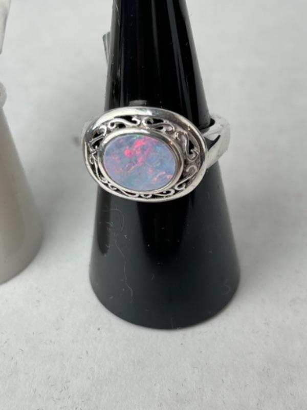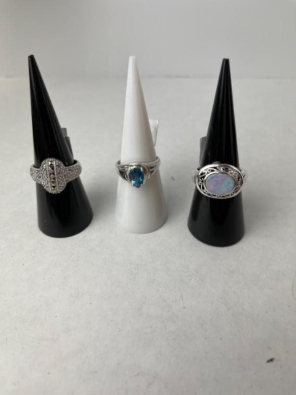 K731 Set of 3 Sterling Silver Opal, Topaz, Marcasite Ladies Rings
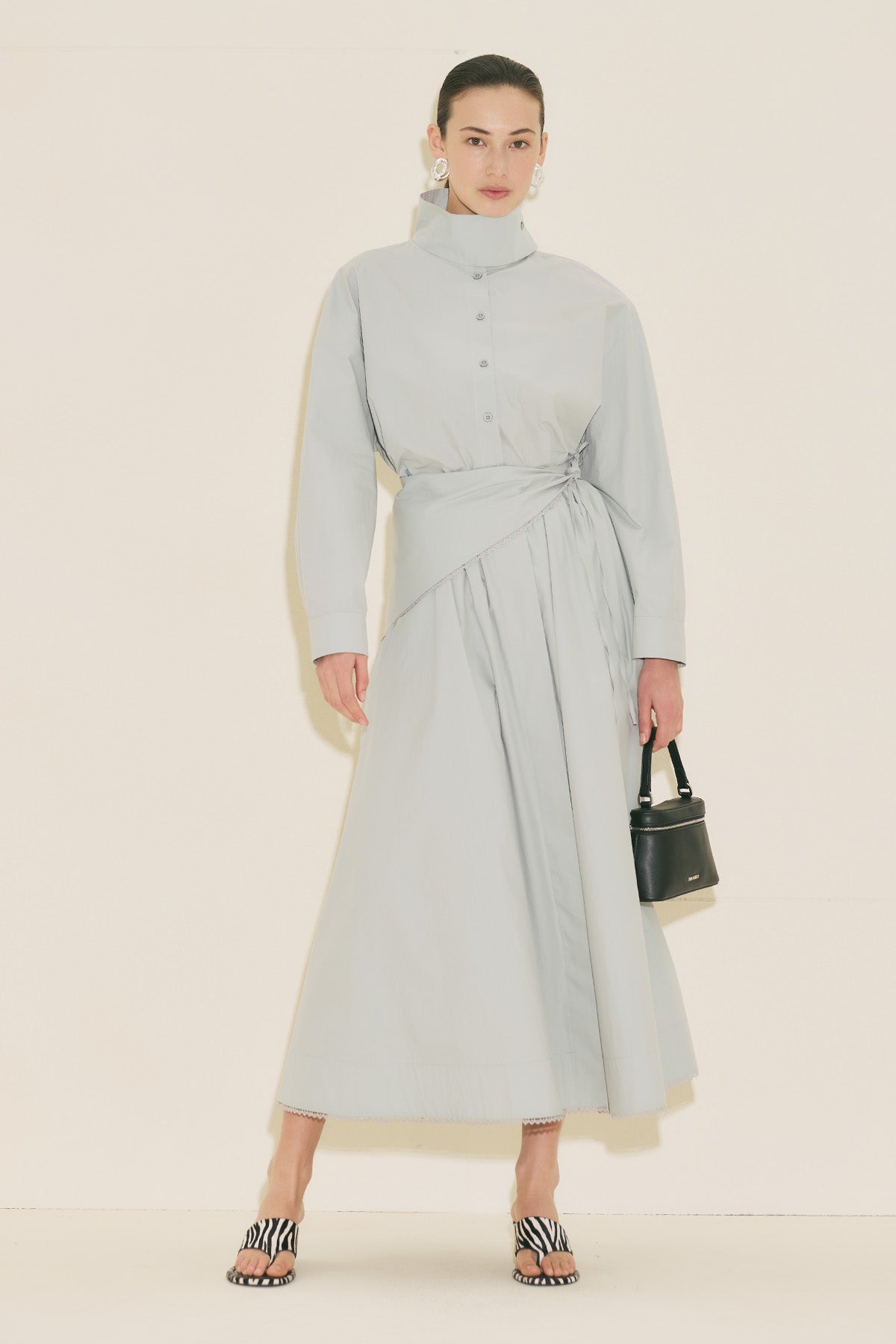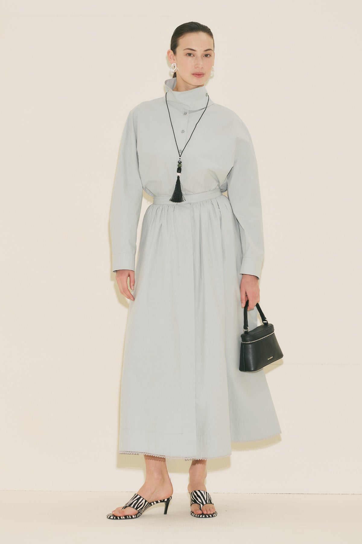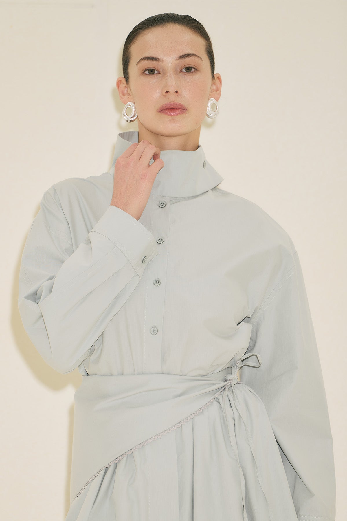 High Neck Cropped Shirt Blue
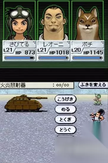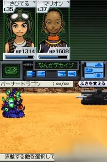 上屏主要显示人物状态 平台虽然发生了变化,但由于本作从头至尾都有系列开创者宫冈宽的参与,所以从内容上讲其实与最初的两作联系更加紧密,在特色系统等方面也更加传统。另外本作主人公被设计为一代男主角的儿子,为了阻止将自己的分身放进“诺亚种子”的超级电脑而继承已故父亲的意志,再度驾驶战车与伙伴们一起踏上拯救人类的旅程。这一设定使得游戏里的时间跨越几乎和现实中一样长,给人一种奇妙的感觉。
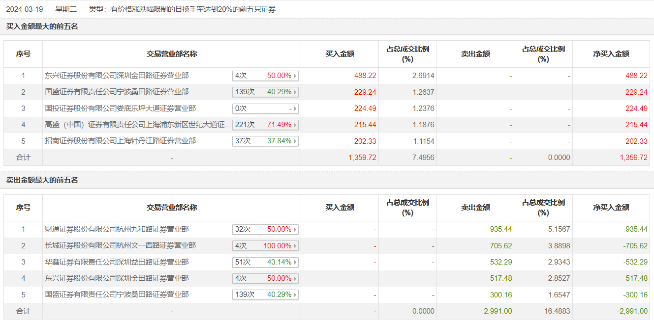 具体来看,知名游资现身龙虎榜,东兴证券深圳金田路证券营业部、宁波桑田路(国盛证券宁波桑田路证券营业部)分别买入488.22万元、229.24万元;财通证券杭州九和路证券营业部、长城证券杭州文一西路证券营业部分别卖出935.44万元、705.62万元。
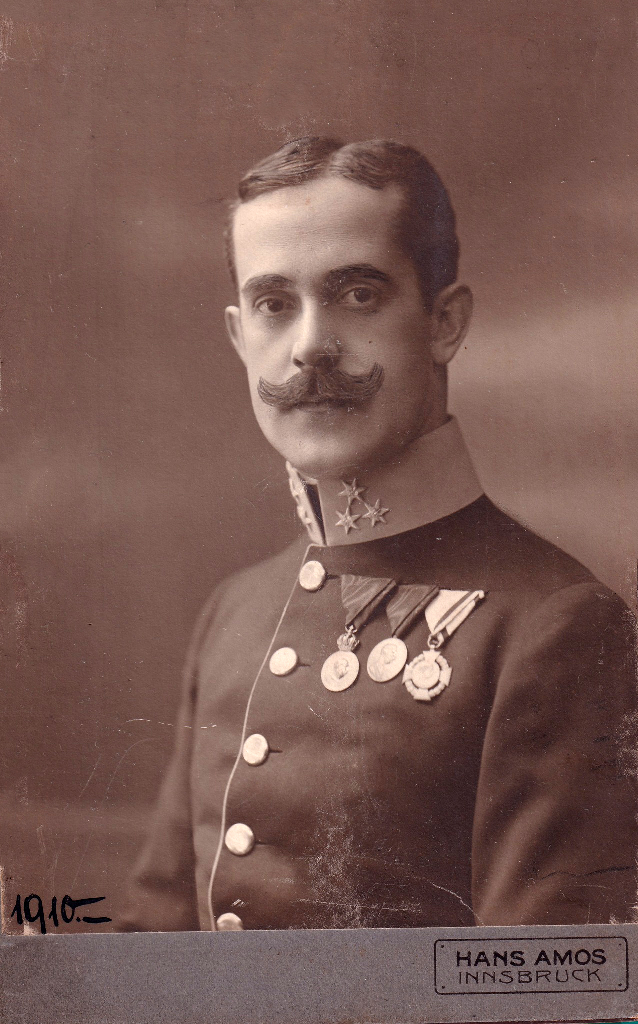 Прийшов час звернутися до третього фото, на якому наш офіцер вже у чині гауптмана, а паспарту фото помічено містом Інсбрук, столицею австрійського Тиролю. Фото датоване 1910 роком. У порівнянні з Брно Інсбрук набагато менше місто, тому й військових частин там було значно менше, а серед усіх офіцерів інсбруцького гарнізону підходив лише один — Вратислав Пех (Wratislav Pech), який з 49-го піхотного полку пішов ад’ютантом до піхотної школи кадетів (Infanterie-Kadetten-Schule), розташованої в Інсбруку. Плюс ще й співав набір нагород (до «Ювілейної медалі» за роки служби додалися «Медаль воєнних заслуг на стрічці Ордену Франца Йосифа» та «Ювілейний хрест для військовослужбовців»). І тут на око впало написання його імені! Німецькою мовою імʼя Вратислав починалося на літеру «W» на відміну від чеської, де першою була «V».
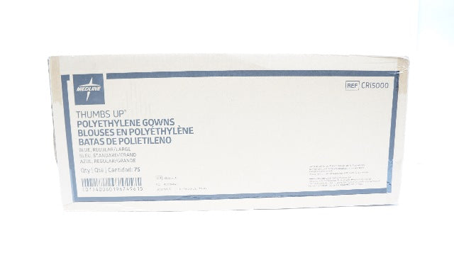Medline CRI5000 Thumbs Up Polyethylene Gowns, Over-the-Head Neck, Thumb Loop Wrists Regular Large, Blue
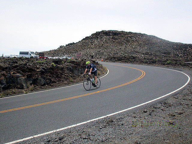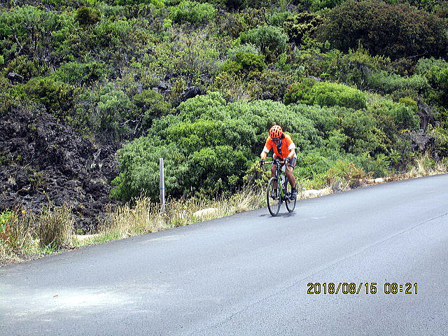 | アヒヒビーチが10時半以降雲に覆われるのがこのチャートが物語っています。13時に山頂を出発しました。 | この日11人目の自転車野郎です。彼は大音量で音楽を鳴らしながら、登ってくるところです。 |
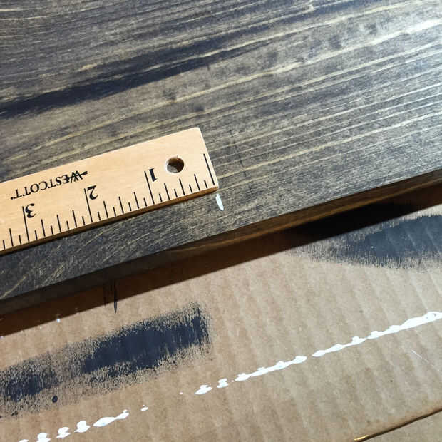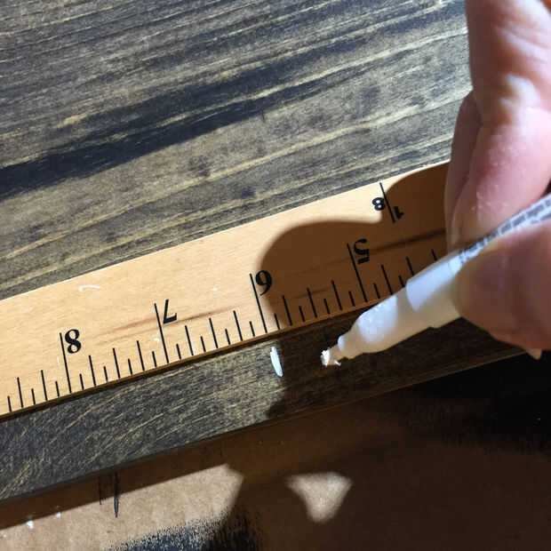 Necesitarás un palillo de la yarda o una cinta métrica para hacerlo mejor. Alinee el palillo de la yarda con el tablero y poner una línea en la marca de 6". Luego mueva el palo para esa marca, nivel hacia fuera y proceda a marcar en el 12", 24", 36". Moverlo hacia arriba otra vez en el pasado y marca de nuevo en 12", 24" y 25". Se utilizará estas marcas para alinear las plantillas.
-*-
[Task directions]
With pictures excluded, reproduce exactly the lines above from the one containing "High Neck Cropped Shirt Blue" down to the one containing "具体来看,知名游资现身龙虎榜", those two included.

[Written reply]
 High Neck Cropped Shirt Blue
 上屏主要显示人物状态 平台虽然发生了变化,但由于本作从头至尾都有系列开创者宫冈宽的参与,所以从内容上讲其实与最初的两作联系更加紧密,在特色系统等方面也更加传统。另外本作主人公被设计为一代男主角的儿子,为了阻止将自己的分身放进“诺亚种子”的超级电脑而继承已故父亲的意志,再度驾驶战车与伙伴们一起踏上拯救人类的旅程。这一设定使得游戏里的时间跨越几乎和现实中一样长,给人一种奇妙的感觉。
 具体来看,知名游资现身龙虎榜,东兴证券深圳金田路证券营业部、宁波桑田路(国盛证券宁波桑田路证券营业部)分别买入488.22万元、229.24万元;财通证券杭州九和路证券营业部、长城证券杭州文一西路证券营业部分别卖出935.44万元、705.62万元。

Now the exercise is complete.